Depending on the nature of your injury, some first steps you might consider before you file your action include the following: 1) contacting your doctor to see whether he will correct the problem, 2) contacting the medical licensing board to report the incident, and 3) getting a confirmation from a medical expert that your doctor acted negligently and caused your injury. In Minnesota a filer must have such a sworn statement by such an expert when filling the initial court papers.

Time Limits

While considering whether to file a malpractice action, the filer should be sure to know how long they have to do so. There are strict time limits within which a person must bring their action or lose their right to do so. These are called statutes of limitations and they vary by state and cause of action. In Minnesota, you have 4 years to bring a medical malpractice action. Generally, the 4 years begins running (counting) on the date of the negligent treatment. This is different from some other states that follow a "discovery of harm" rule, which starts the statute of limitations running when the patient discovered or should have discovered the injury.

How Does One Establish Malpractice?

In order to maintain a negligence action against a medical professional, the patient must show that the doctor owed a duty to the patient, that the doctor breached that duty, and that injury to the patient resulted from that breach.

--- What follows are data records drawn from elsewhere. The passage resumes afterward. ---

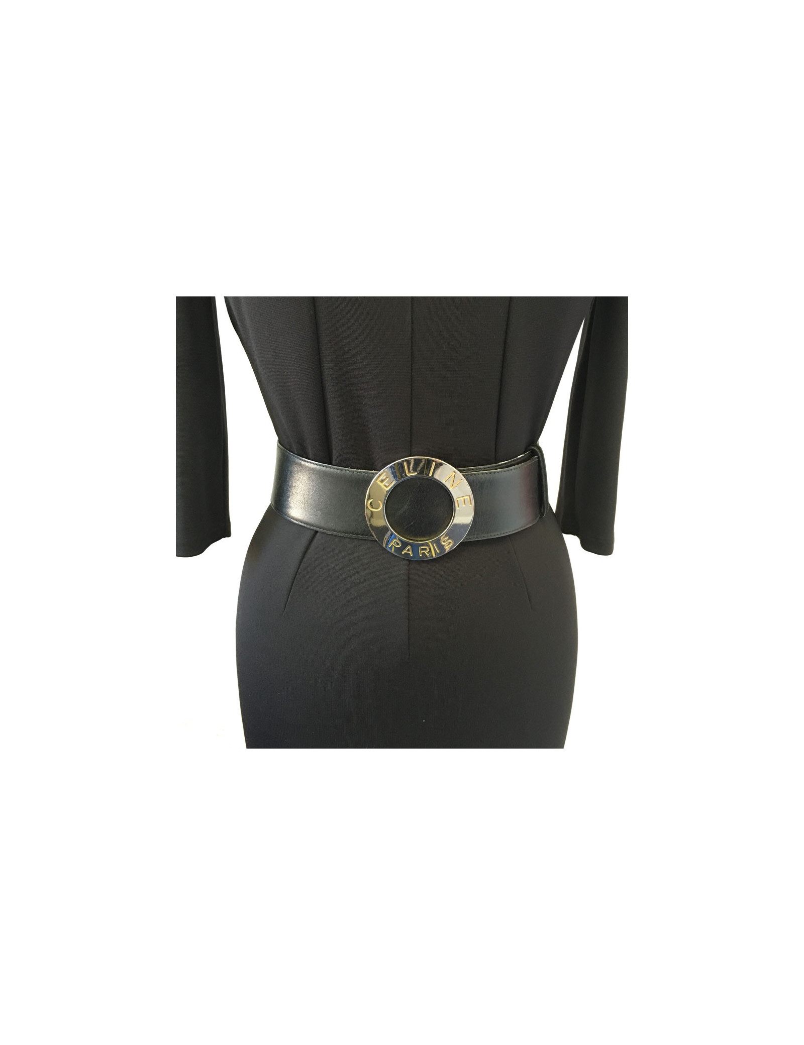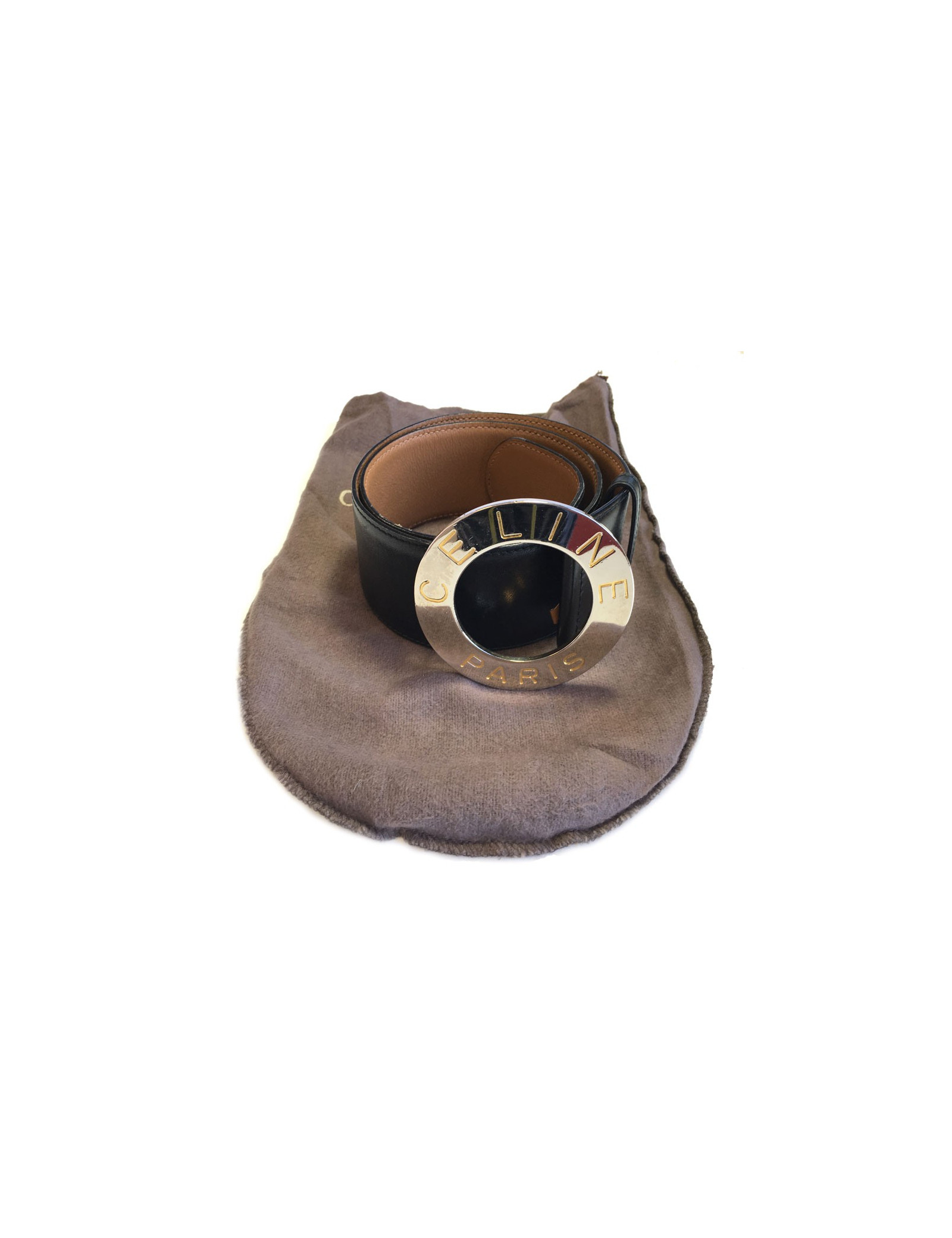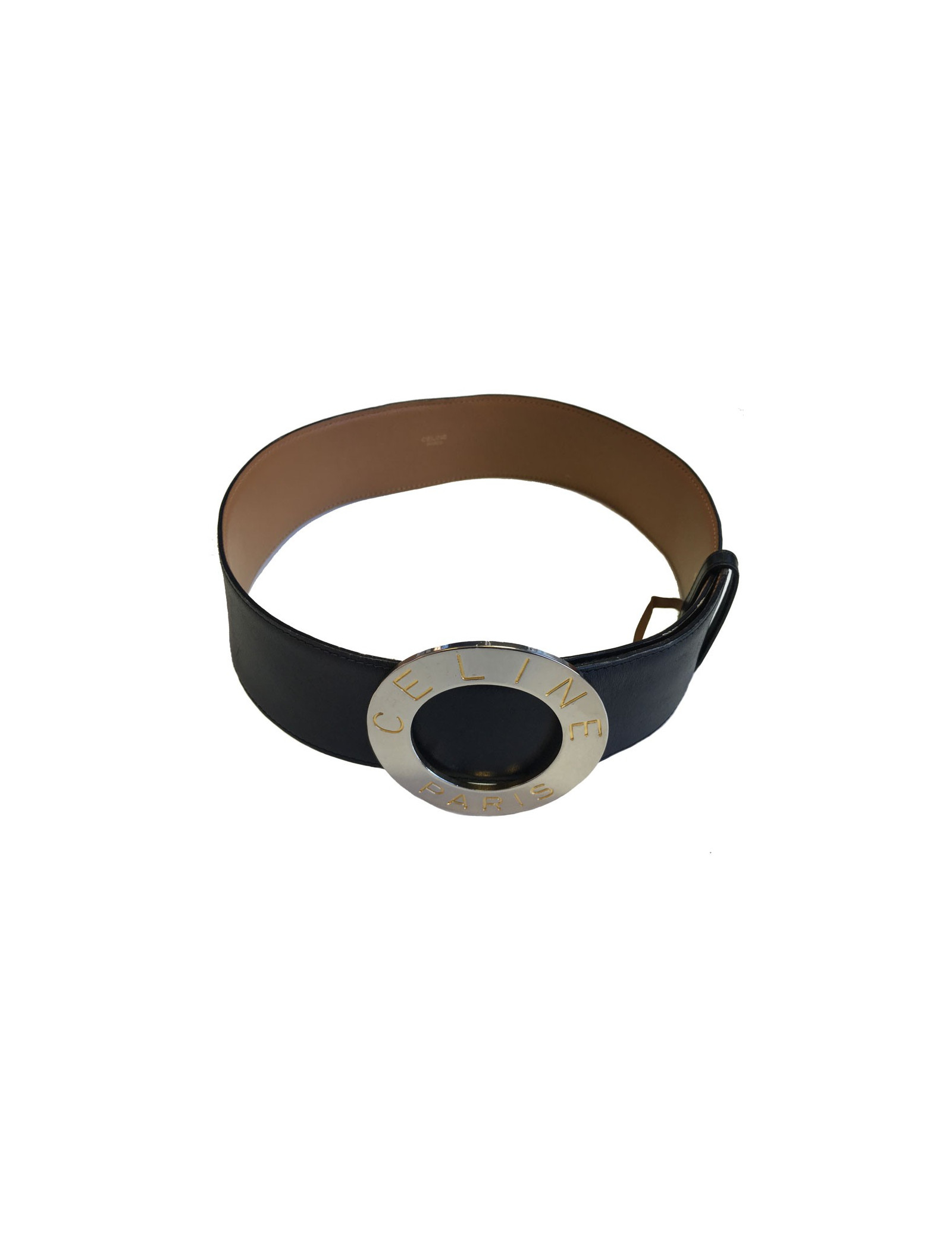 Very beautiful CELINE black leather belt and silver metal buckle. Size 65
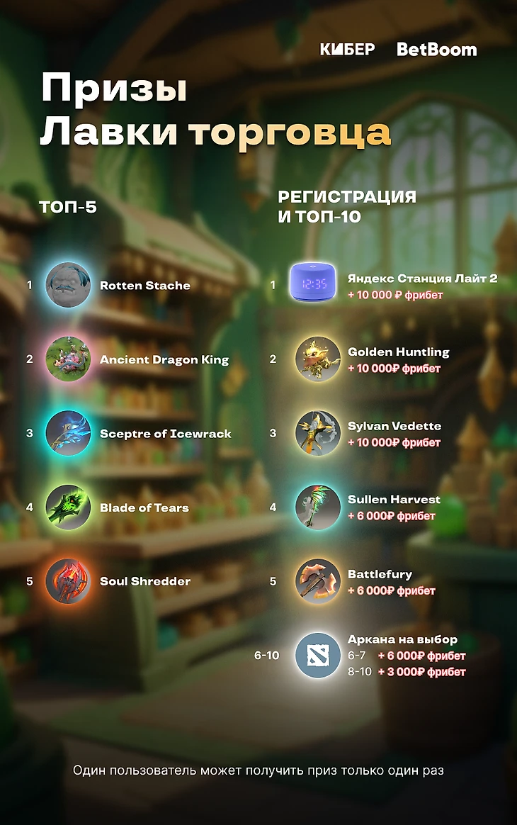 К TI13 Кибер вместе с BetBoom снова запускает Лавку торговца – это бот, в котором ты станешь владельцем потайной лавки. С 4 сентября по 4 октября получай заказы от героев Доты, собирай для них предметы и выигрывай призы!
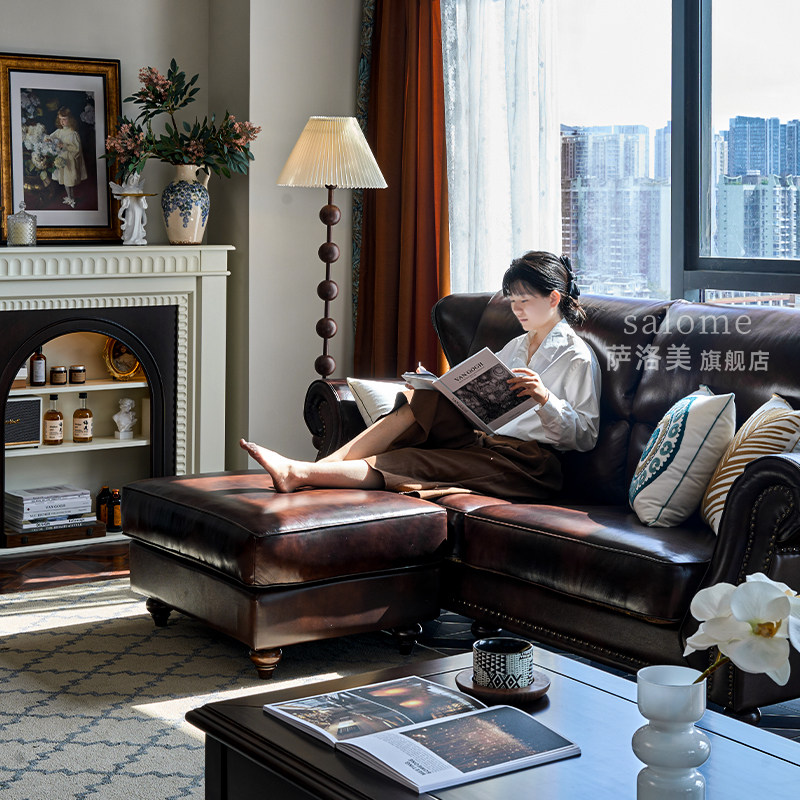 📚 美式复古真皮沙发客厅2026新款单人双人直排新中式小户型实木沙发
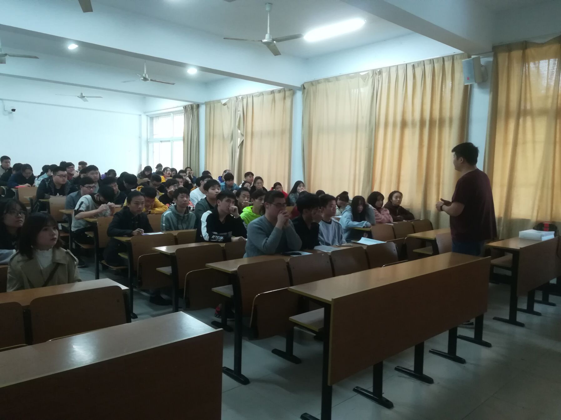 该司人力资源部李经理向我们介绍了自己和其所在的公司,还与即将步入社会的各位同学分享自己的求职经历与经验分享。紧接着,介绍了公司的招聘方式及人才培养方案,其中包括从校园招聘、社会招聘和基层招聘,从中引进人才,然后依据个人能力以及公司发展需求对相关人员进行人才培养。随后李经理给现场同学进行了一个简短的答疑交流环节。同学们就职业发展、晋升道路、薪资待遇等进行踊跃提问。李经理给每位同学都给予了详细的回答并给出建议。最后毕业生结合单位需求递交简历并和用人单位深入交流。
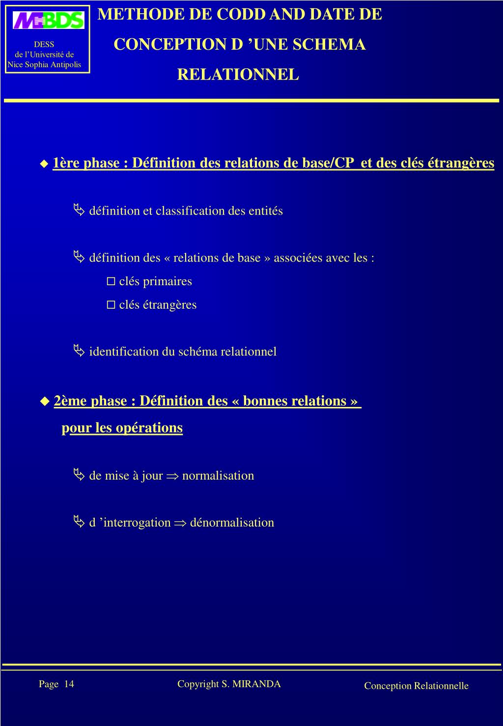 METHODE DE CONCEPTION D ’UN SCHEMA RELATIONNEL DE C. DATE & T. CODD. Professeur Serge MIRANDA Université de Nice Sophia Antipolis Directeur du Dess MBDS de l’ UNSA. Méthode pratique (utilisée dans le cours « Administrateur BD » chez IBM) Version Anglaise de cette méthode présentée dans :
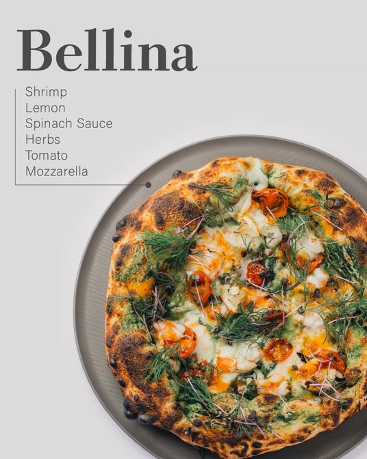 ベリーナ(Bellina)エビ、レモン、ほうれん草ソース、ハーブ、トマト、モッツァレラ
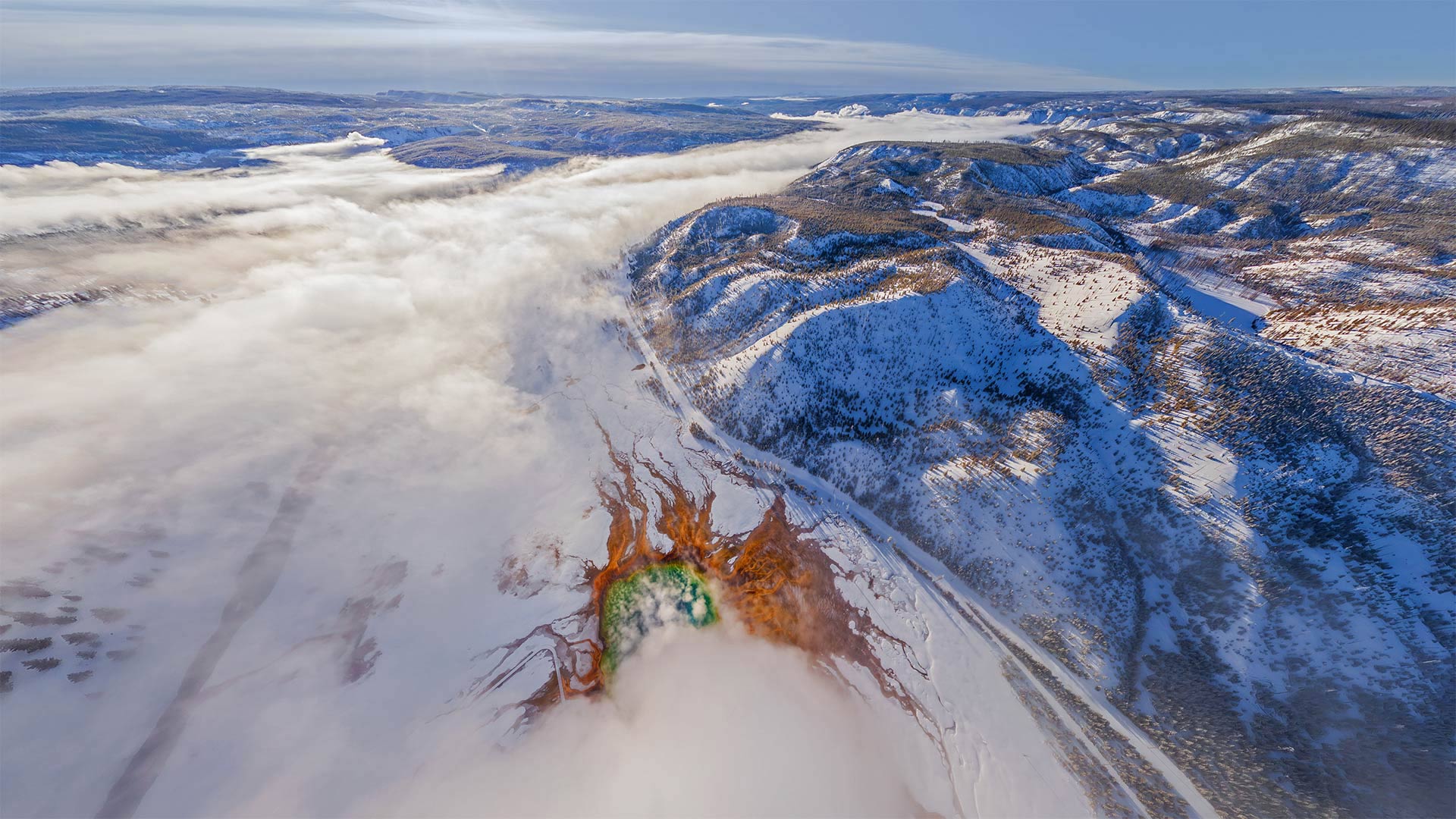 Aerial view of Grand Prismatic Spring, 黄石公园 National Park, 怀俄明州 (© AirPano LLC/Amazing Aerial Agency)

Although we all are expected to behave reasonably to avoid harming others, a doctor is held to a higher standard than the average person. Specifically, a doctor's conduct is measured against other doctors in similar circumstances and a doctor must act with the same degree of skill, care, and diligence as another reasonably competent doctor would.

In order to establish what another "reasonably competent doctor" would do, the patient typically must offer the expert testimony of a doctor in the same area of medicine who can explain the level of care and how it is commonly met. Then, in order to show negligence, the expert typically explains how the doctor failed to meet this level of care.

What Are The Common Defenses to Malpractice?

If you do pursue your malpractice action, the doctor will most likely argue in defense that he acted as a reasonably competent doctor would have under the circumstances or that your injuries didn't result from his actions (or inactions). A doctor may also suggest or argue that a patient's own negligence caused or contributed to the harm at issue.

What Damages Are Available?

Generally, patients in malpractice cases seek compensatory damages. These include economic damages such as medical bills and lost wages, as well as non-economic damages such as pain and suffering.

In cases in which it is established by clear and convincing evidence that the doctor showed "deliberate disregard for the rights or safety of others," you may also be entitled to punitive damages (damages to punish or deter the wrongdoer).

Attorneys

A medical malpractice case can be a complicated endeavor with its medical terminology, records, experts, insurers, and more. For this reason, it may be a good idea to consult with an attorney to assess a potential case and get helpful guidance through the process. Check out this FindLaw section on Medical Malpractice Legal Help for more information about attorneys in the field.

Next Steps: Search for a Local Attorney

Contact a qualified attorney.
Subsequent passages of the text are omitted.